┌──
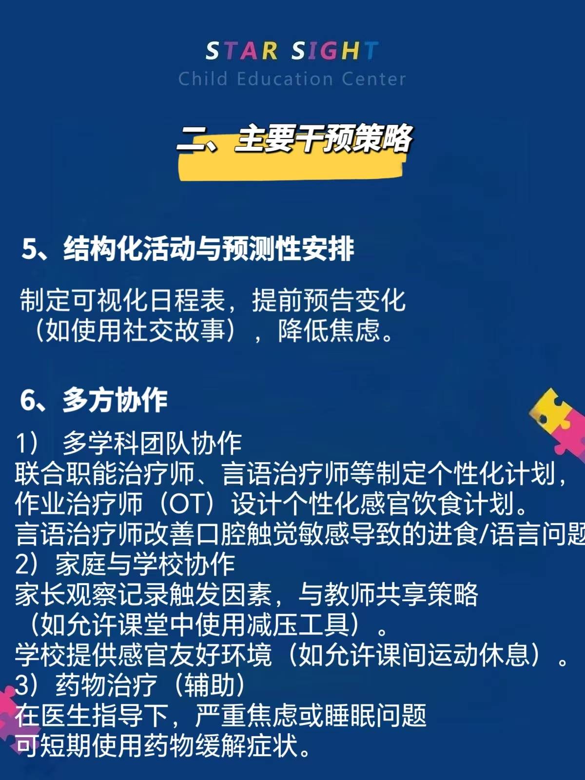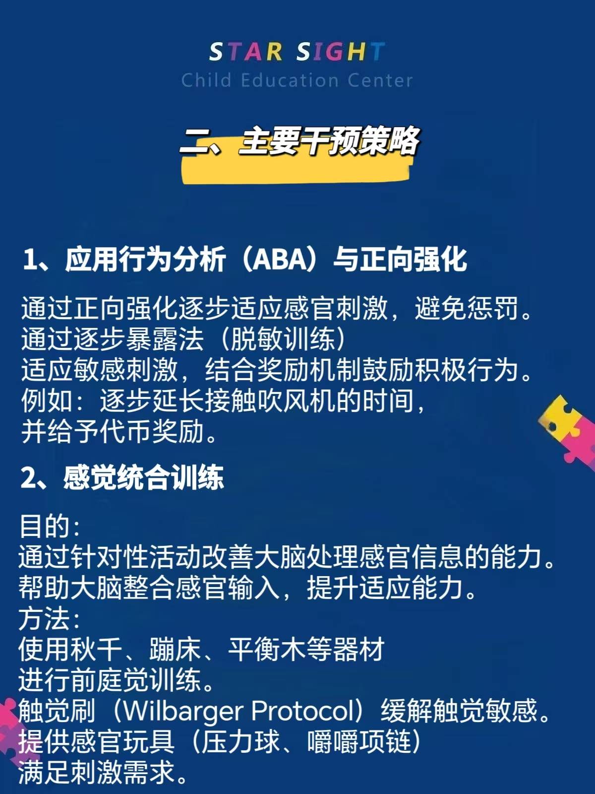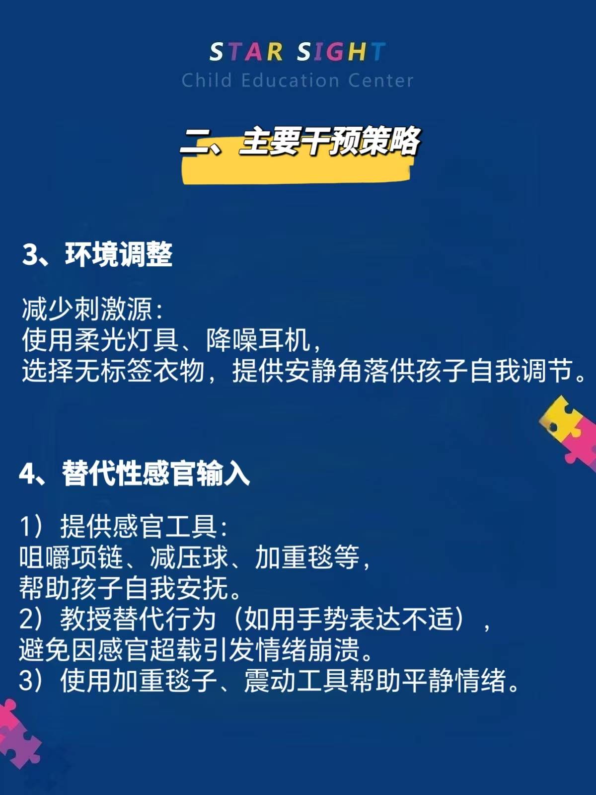 自闭症儿童的感官失调(感觉处理异常)是常见特征之一,可能表现为对感官刺激的过度敏感(如抗拒某些声音或触觉)或低敏感(如对疼痛反应迟钝),可能影响情绪、行为和生活质量。以下是其具体表现及干预策略的总结。
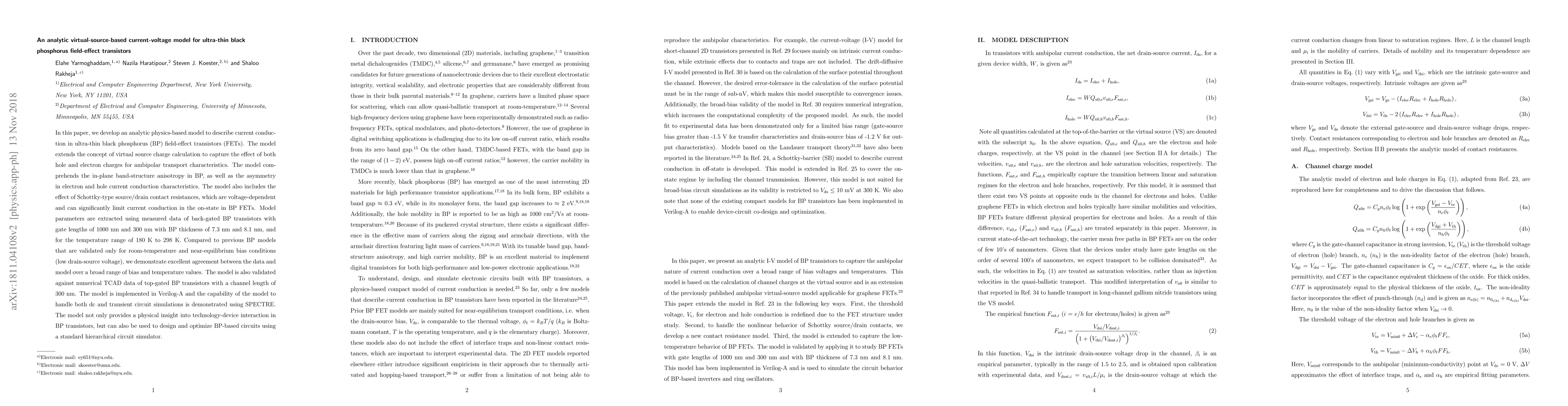 This paper presents an analytic model for ultra-thin black phosphorus FETs that accurately captures ambipolar transport and in-plane band-structure anisotropy. The model, validated over a wide range of biases and temperatures, also considers voltage-dependent contact resistances and is implemented in Verilog-A for circuit simulations.
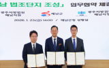 해남=성정수 기자 sjs8239@gwangnam.co.kr2026.01.27 05:34해남군은 최근 군청 상황실에서 광주지방법원 해남지원, 광주지방검찰청 해남지청과 함께 해남 법조단지 조성을 위한 업무협약을 체결했다. 이번 업무협약에는 명현관 해남군수와 김성흠 해남지원장, 윤석환 해남지청장이 참석했...
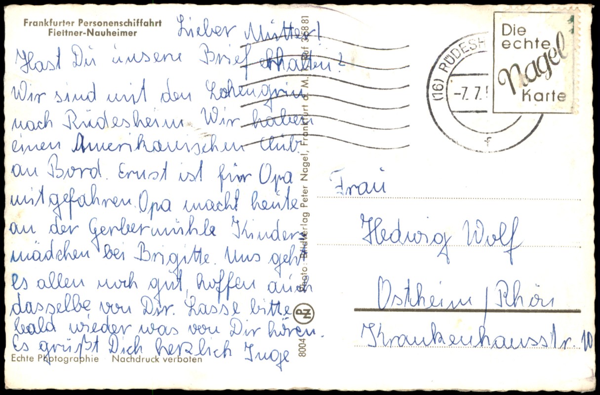 Ansichtskarte: Personenschiffahrt Flettner-Nauheimer Neubauten - Frankfurt am Main
└──
In transcribing the lines above, omit the images and keep all else exact.

__Output of the exercise__.
 自闭症儿童的感官失调(感觉处理异常)是常见特征之一,可能表现为对感官刺激的过度敏感(如抗拒某些声音或触觉)或低敏感(如对疼痛反应迟钝),可能影响情绪、行为和生活质量。以下是其具体表现及干预策略的总结。
 This paper presents an analytic model for ultra-thin black phosphorus FETs that accurately captures ambipolar transport and in-plane band-structure anisotropy. The model, validated over a wide range of biases and temperatures, also considers voltage-dependent contact resistances and is implemented in Verilog-A for circuit simulations.
 해남=성정수 기자 sjs8239@gwangnam.co.kr2026.01.27 05:34해남군은 최근 군청 상황실에서 광주지방법원 해남지원, 광주지방검찰청 해남지청과 함께 해남 법조단지 조성을 위한 업무협약을 체결했다. 이번 업무협약에는 명현관 해남군수와 김성흠 해남지원장, 윤석환 해남지청장이 참석했...
 Ansichtskarte: Personenschiffahrt Flettner-Nauheimer Neubauten - Frankfurt am Main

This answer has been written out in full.